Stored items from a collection
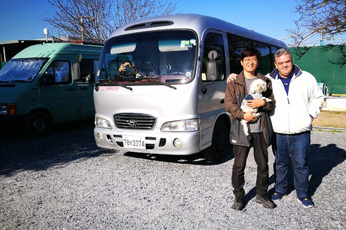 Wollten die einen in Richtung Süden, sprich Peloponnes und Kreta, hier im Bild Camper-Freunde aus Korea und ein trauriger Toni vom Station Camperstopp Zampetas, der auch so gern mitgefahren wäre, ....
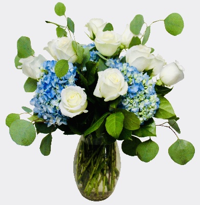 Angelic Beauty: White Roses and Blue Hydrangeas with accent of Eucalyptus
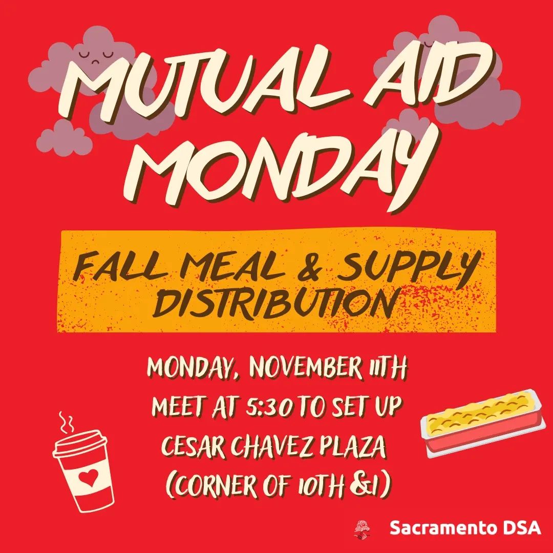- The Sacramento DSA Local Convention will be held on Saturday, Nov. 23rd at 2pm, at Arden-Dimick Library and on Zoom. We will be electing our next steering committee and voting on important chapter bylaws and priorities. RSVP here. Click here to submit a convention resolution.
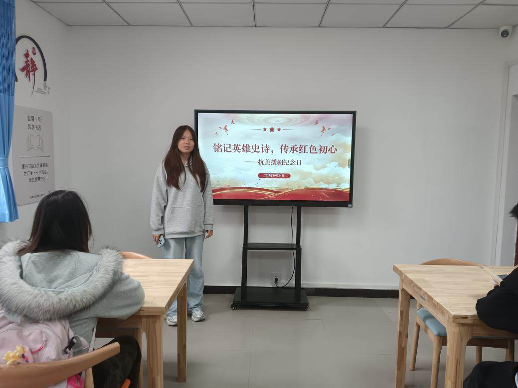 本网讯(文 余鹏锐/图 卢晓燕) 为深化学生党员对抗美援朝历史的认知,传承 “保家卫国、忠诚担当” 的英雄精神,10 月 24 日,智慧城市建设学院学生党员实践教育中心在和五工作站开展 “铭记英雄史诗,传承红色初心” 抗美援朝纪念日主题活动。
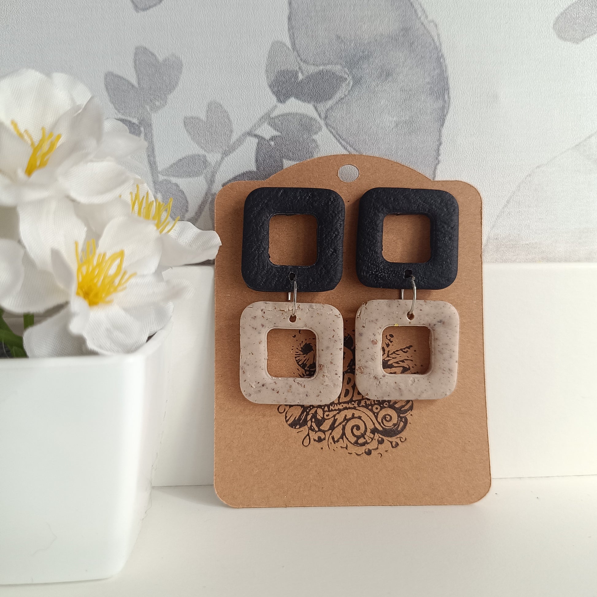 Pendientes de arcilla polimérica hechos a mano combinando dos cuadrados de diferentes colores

--

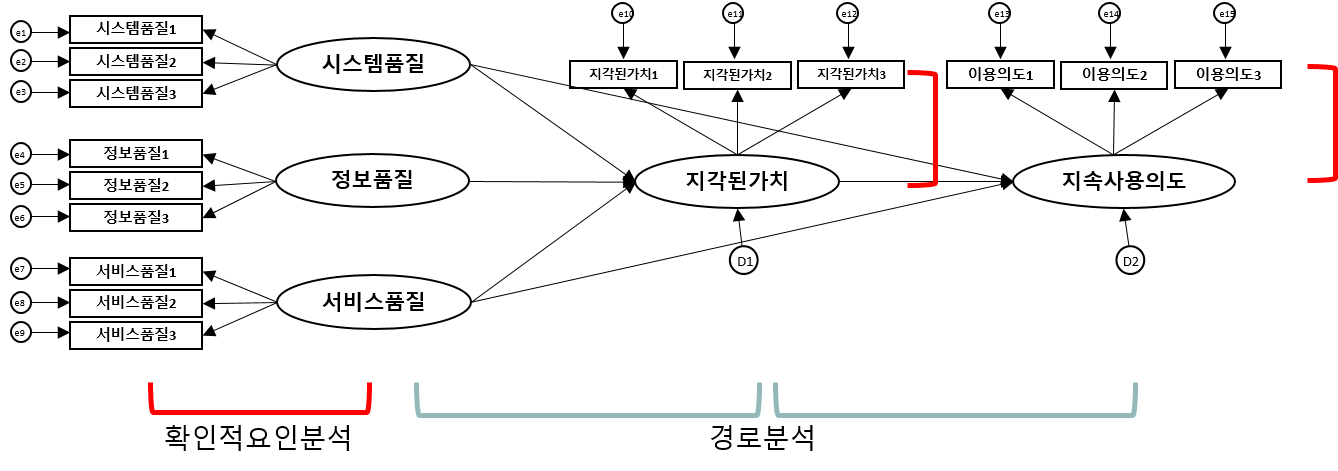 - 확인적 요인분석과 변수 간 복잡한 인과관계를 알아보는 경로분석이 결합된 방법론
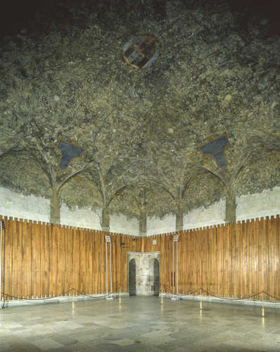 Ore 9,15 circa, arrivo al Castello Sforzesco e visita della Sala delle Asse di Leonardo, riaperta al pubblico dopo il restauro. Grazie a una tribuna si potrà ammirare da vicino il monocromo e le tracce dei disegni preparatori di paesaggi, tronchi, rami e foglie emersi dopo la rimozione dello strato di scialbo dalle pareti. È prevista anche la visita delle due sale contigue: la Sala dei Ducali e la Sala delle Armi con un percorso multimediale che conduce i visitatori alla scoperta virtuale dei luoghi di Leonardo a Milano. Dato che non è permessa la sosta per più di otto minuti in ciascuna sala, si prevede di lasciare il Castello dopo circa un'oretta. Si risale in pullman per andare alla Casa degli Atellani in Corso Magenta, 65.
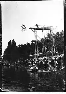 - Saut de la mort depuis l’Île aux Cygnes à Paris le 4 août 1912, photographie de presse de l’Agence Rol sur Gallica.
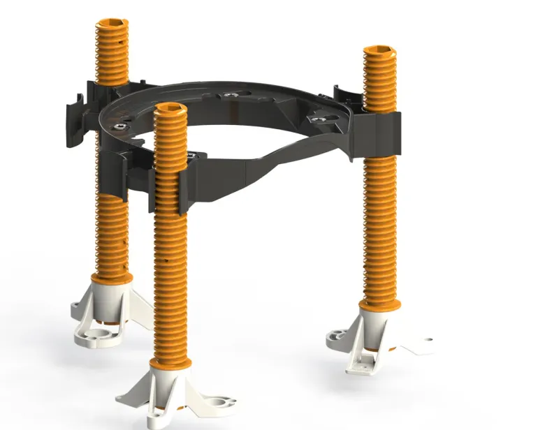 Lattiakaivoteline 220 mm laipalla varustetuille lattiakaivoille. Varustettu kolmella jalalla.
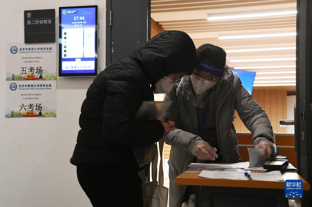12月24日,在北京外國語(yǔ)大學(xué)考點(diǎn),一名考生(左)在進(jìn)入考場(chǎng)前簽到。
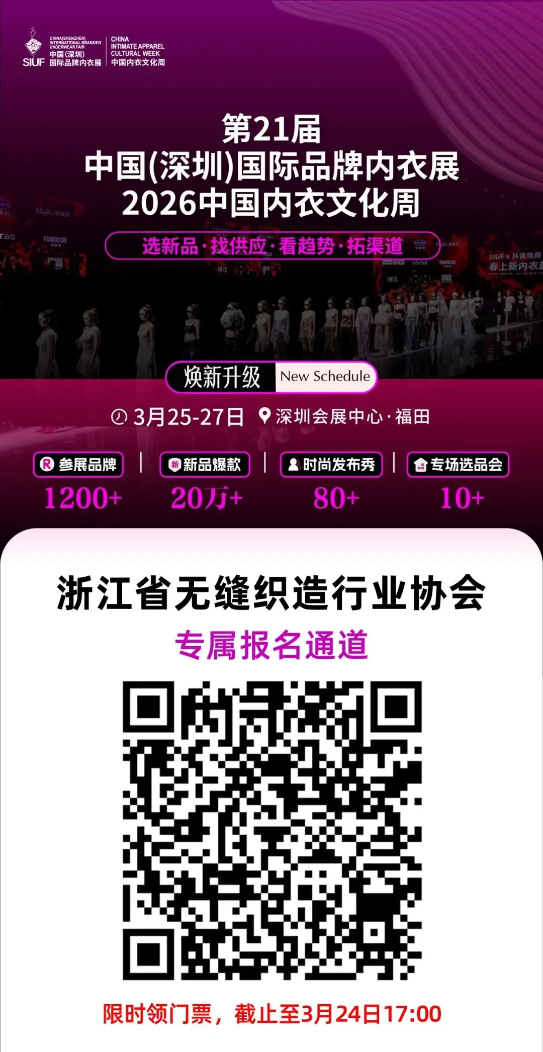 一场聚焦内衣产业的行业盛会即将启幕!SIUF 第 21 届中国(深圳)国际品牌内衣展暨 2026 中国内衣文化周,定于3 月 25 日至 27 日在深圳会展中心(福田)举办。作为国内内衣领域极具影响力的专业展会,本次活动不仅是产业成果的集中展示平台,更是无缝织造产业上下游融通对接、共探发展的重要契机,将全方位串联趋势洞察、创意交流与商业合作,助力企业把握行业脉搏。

What needs to be done
Give back, exactly and without pictures, the stretch of the records above from the line containing "12月24日,在北京外國語(yǔ)大學(xué)考點(d" through the line containing "一场聚焦内衣产业的行业盛会即将启幕!SIUF 第 21", with both end lines included.

Answer section
12月24日,在北京外國語(yǔ)大學(xué)考點(diǎn),一名考生(左)在進(jìn)入考場(chǎng)前簽到。
 一场聚焦内衣产业的行业盛会即将启幕!SIUF 第 21 届中国(深圳)国际品牌内衣展暨 2026 中国内衣文化周,定于3 月 25 日至 27 日在深圳会展中心(福田)举办。作为国内内衣领域极具影响力的专业展会,本次活动不仅是产业成果的集中展示平台,更是无缝织造产业上下游融通对接、共探发展的重要契机,将全方位串联趋势洞察、创意交流与商业合作,助力企业把握行业脉搏。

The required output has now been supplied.